• WORK REQUEST:
Each line from the one containing "遮阳棚水池便是为解决以上问题" to the end of the entries below is to be set down exactly; the pictures are not.

(Data records)
*-*-*

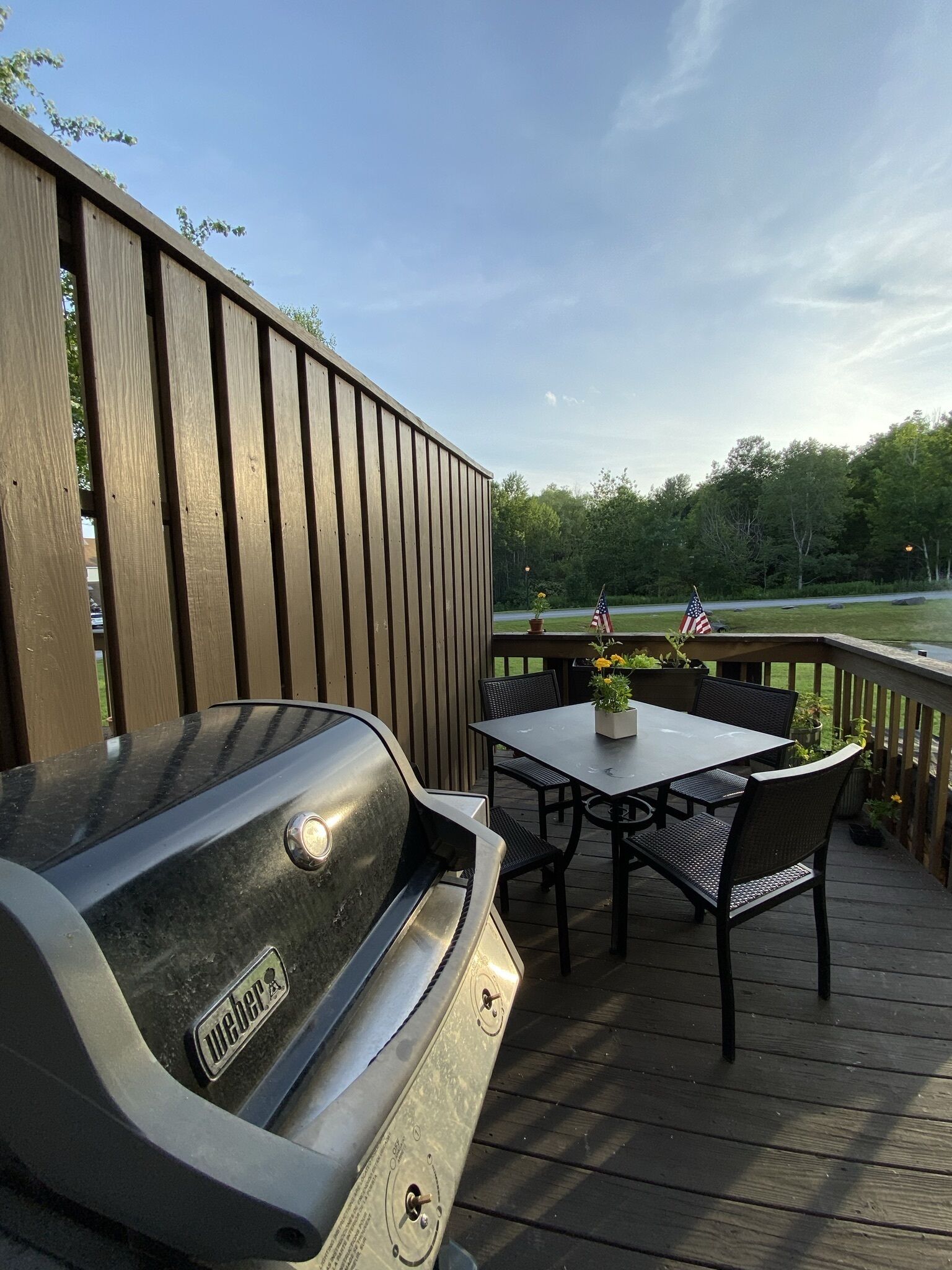 One door off the main living space opens to a wrap-around deck with outdoor seating, as well as a gas grill; the other door opens to a small, screened in porch with a picnic table.
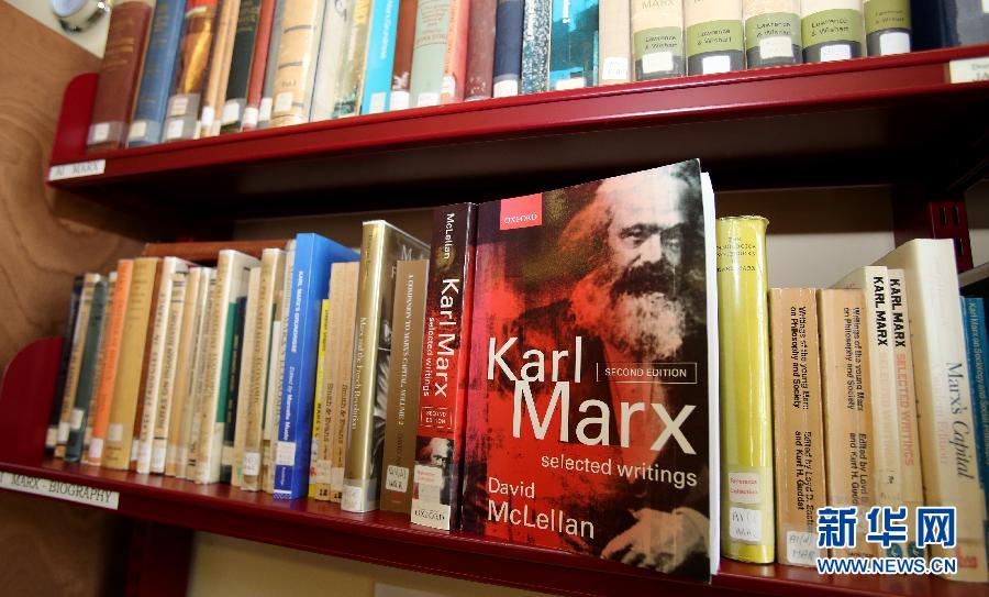 这是6月25日在英国伦敦马克思纪念图书馆内拍摄的书架。
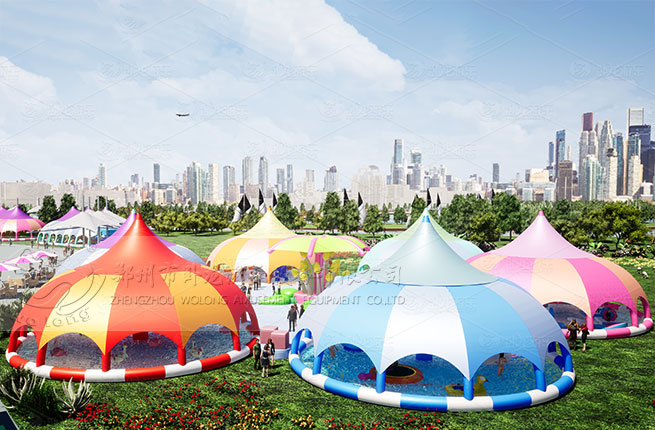遮阳棚水池便是为解决以上问题的产品。遮阳水池采用圆形的拱柱框架结构,有良好的支撑力。产品配色以亮色为主,可以单独使用也可以作为一个整体造景中的一个,相互映衬,相互组合,共同营造一个大的简约风格的造型。产品内部玩法可以多种多样,根据客户的需求具体选择,成人冲关,水滑梯,儿童冲关,多种漂浮物,水上小蹦床,水上海洋球,透明滚筒,儿童手摇船,花样戏水池等多种玩法。产品经营方式自由,可以单个、多个或组合形式皆可,不同预算的客户都能经营成园。
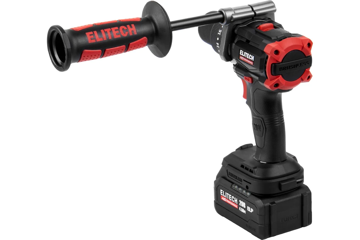 Дрель-шуруповерт аккумуляторная ударная бесщеточная Elitech HD CD20BL2 20 В Li-ion 4 Ач (CD 20BL2)
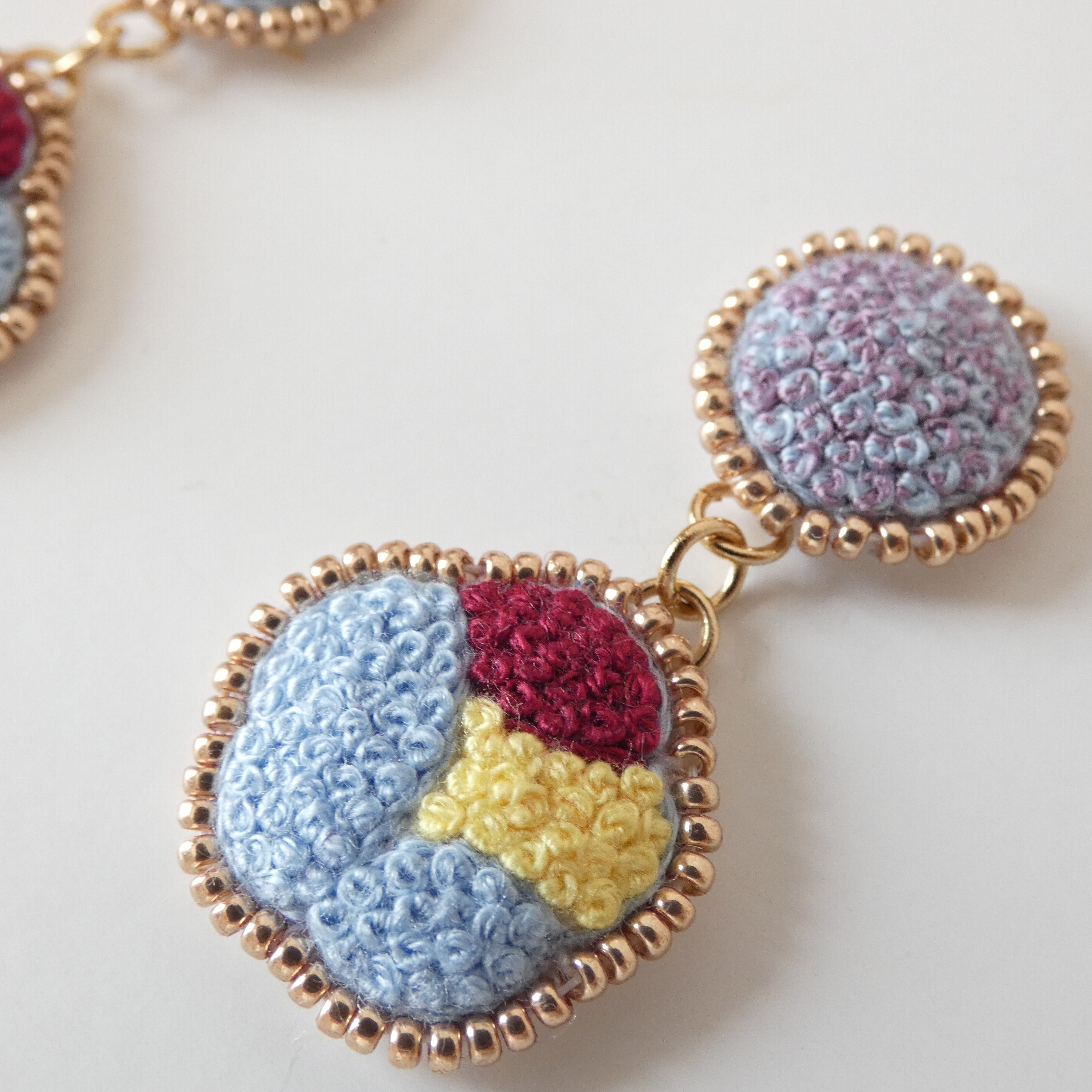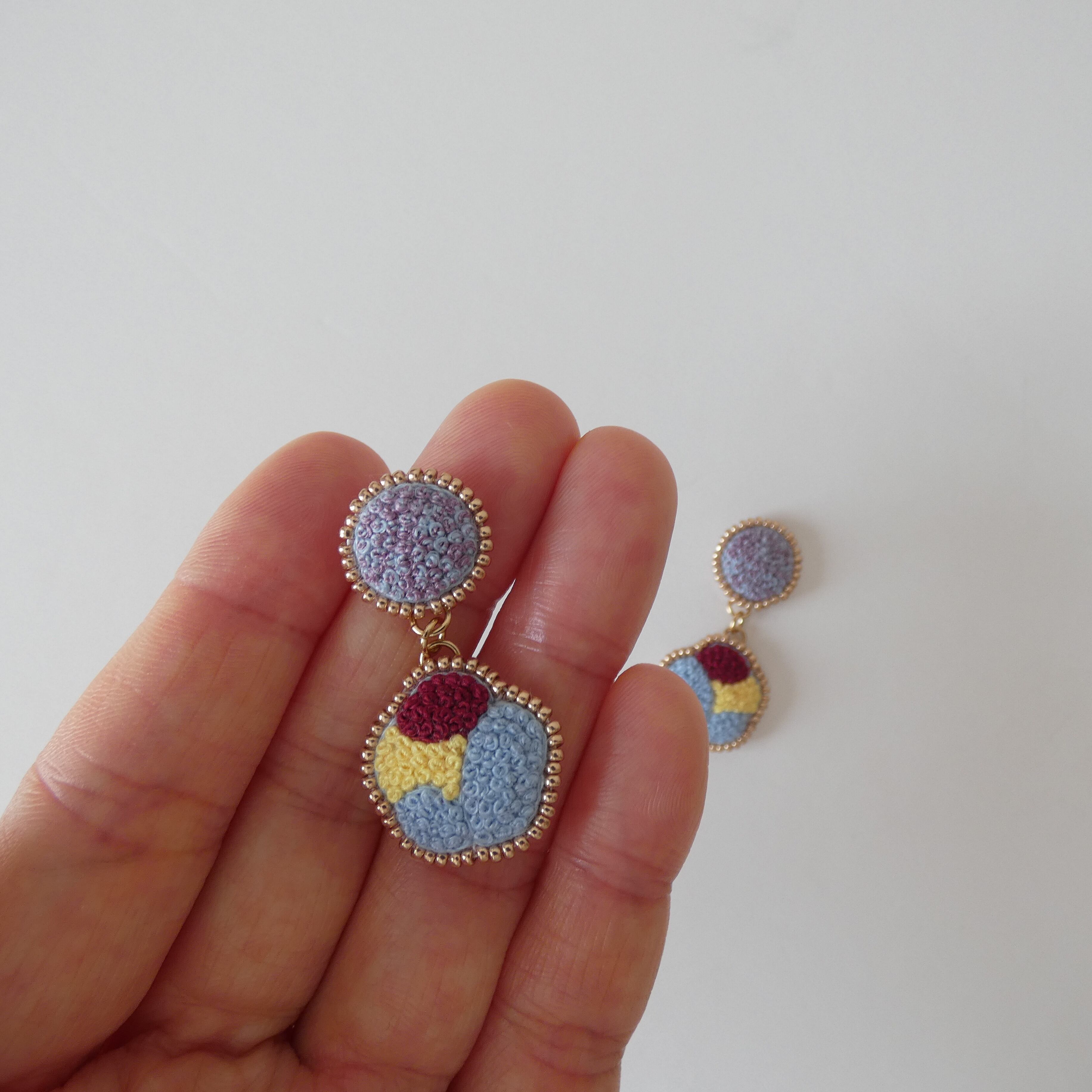 【使用素材】刺繍糸・ビーズ・合皮・金属(ピアス:チタン/イヤリング:真鍮)

*-*-*

• WRITTEN SOLUTION:
遮阳棚水池便是为解决以上问题的产品。遮阳水池采用圆形的拱柱框架结构,有良好的支撑力。产品配色以亮色为主,可以单独使用也可以作为一个整体造景中的一个,相互映衬,相互组合,共同营造一个大的简约风格的造型。产品内部玩法可以多种多样,根据客户的需求具体选择,成人冲关,水滑梯,儿童冲关,多种漂浮物,水上小蹦床,水上海洋球,透明滚筒,儿童手摇船,花样戏水池等多种玩法。产品经营方式自由,可以单个、多个或组合形式皆可,不同预算的客户都能经营成园。
 Дрель-шуруповерт аккумуляторная ударная бесщеточная Elitech HD CD20BL2 20 В Li-ion 4 Ач (CD 20BL2)
 【使用素材】刺繍糸・ビーズ・合皮・金属(ピアス:チタン/イヤリング:真鍮)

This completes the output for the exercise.